Team owner Bob Nutting has often been regarded as complacent and not one who spends money, in terms of improving the roster. In fact, many believe that the team has been complacent under his tenure as owner.


Following the 2019 season, Nutting and the Pirates embarked on a full rebuild, parting ways with general manager Neal Huntington and manager Clint Hurdle. Replacing them were Ben Cherington and Derek Shelton.


Since the duo of Cherington and Shelton took over, the Pirates have totaled a 295-413 record, one that would lead to firings of both men, in most situations.


Instead, Nutting retained Cherington and Shelton both, showing that saving money is more important than winning.

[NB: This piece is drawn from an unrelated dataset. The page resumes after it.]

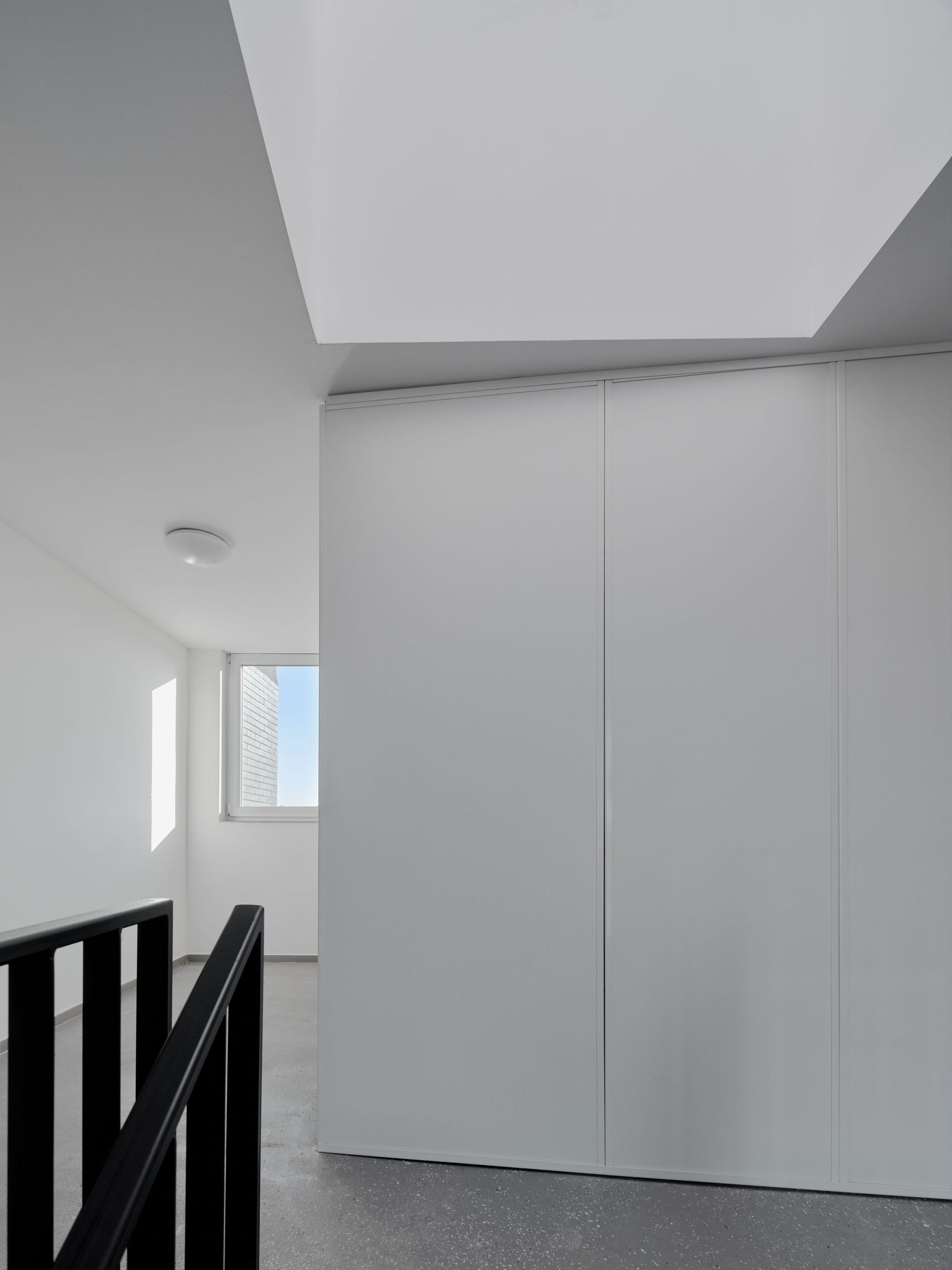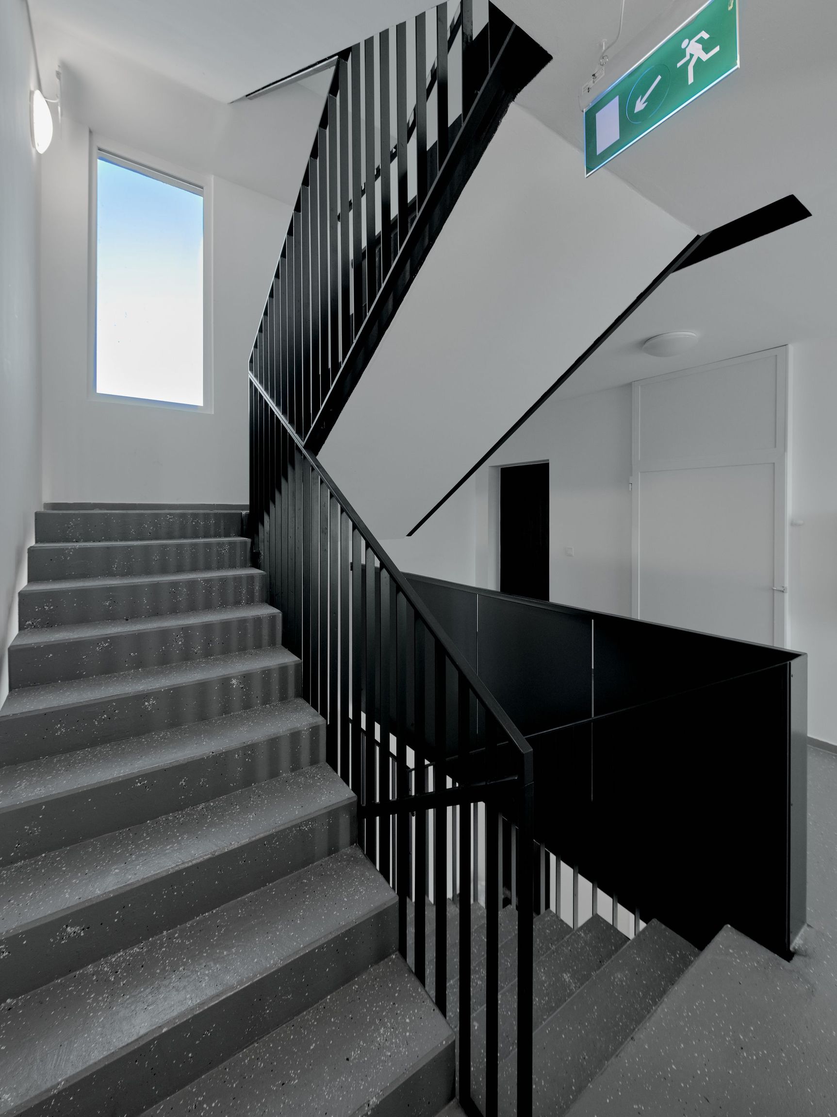 In the interior we developed a minimalist design. Beside the black railing bars and grey granular resin floor, all surfaces are white. We have provided the corridors with large glass surfaces looking both the courtyard and the road, so it fills up the space with natural light and provides vistas to the garden and to the street during the day.
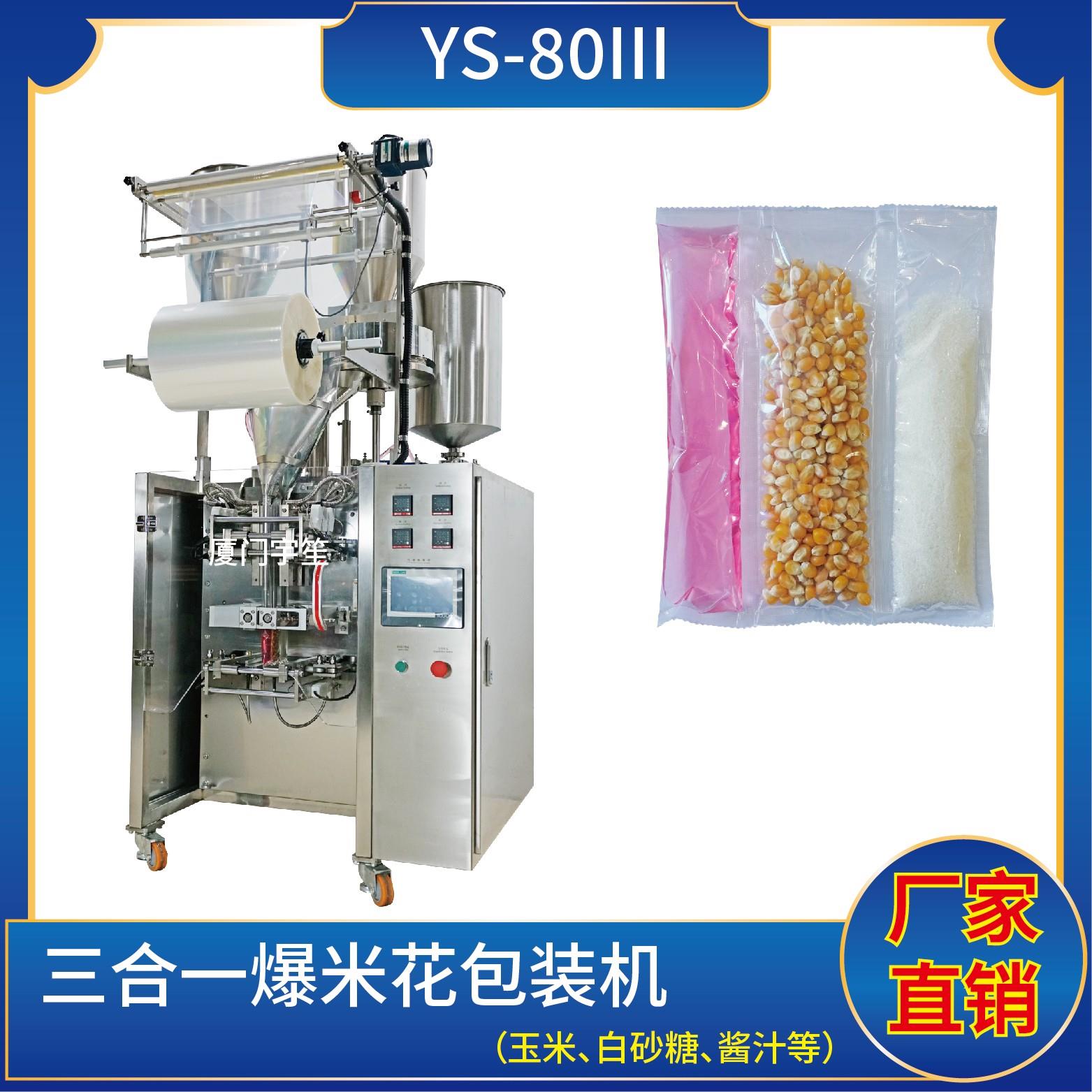 YS-80三列 三合一爆米花包裝機(使用鍍鋁、塑膠膜包裝)特點:1、適用于食品、醫(yī)藥、化工、化妝品行業(yè)中顆粒、粉劑、液體、醬料等物品的計量包裝。2、可自動完成制袋、計量、下料、封合、分切、計數,可根據客戶要求配置打印批號等功能。3、觸摸屏操作,PLC控制,伺服電機控制袋長,性能穩(wěn)定、調整方便、檢測準確。智能式溫…

In fact, Nutting and the Pirates faced a situation this year where their decision-making with money was criticized. First Baseman Rowdy Tellez, a fan favorite, was designated for assignment with just six games to go. More importantly, Tellez was just four at-bats short of earning a $200,000 bonus, which further strengthened the claim that the Pirates have made recent decisions based on saving money, and not building a competitive team.


The Pirates were 73-83 and eliminated from the postseason picture at the time of Tellez’s release.


The economics of baseball differ from the three other sports, and that limits the amount of parody throughout the league. Commissioner Manfred needs to look at taking significant steps in order to hold owners who fail to spend an adequate amount to be competitive, and who simply just don’t care about winning accountable.


Ultimately though, I feel that having both a locker room that connects well with each other that values good comradery and having an owner/front office that is willing to spend money, in order to bring top-end talent to the organization help make an organization good. The teams in baseball that win championships have both, and if you want to be elite, you must have both. They truly do complement each other like ketchup and mustard.


Until then, the economics of Major League Baseball will be problematic, leading to a continuing decline of interest in the game.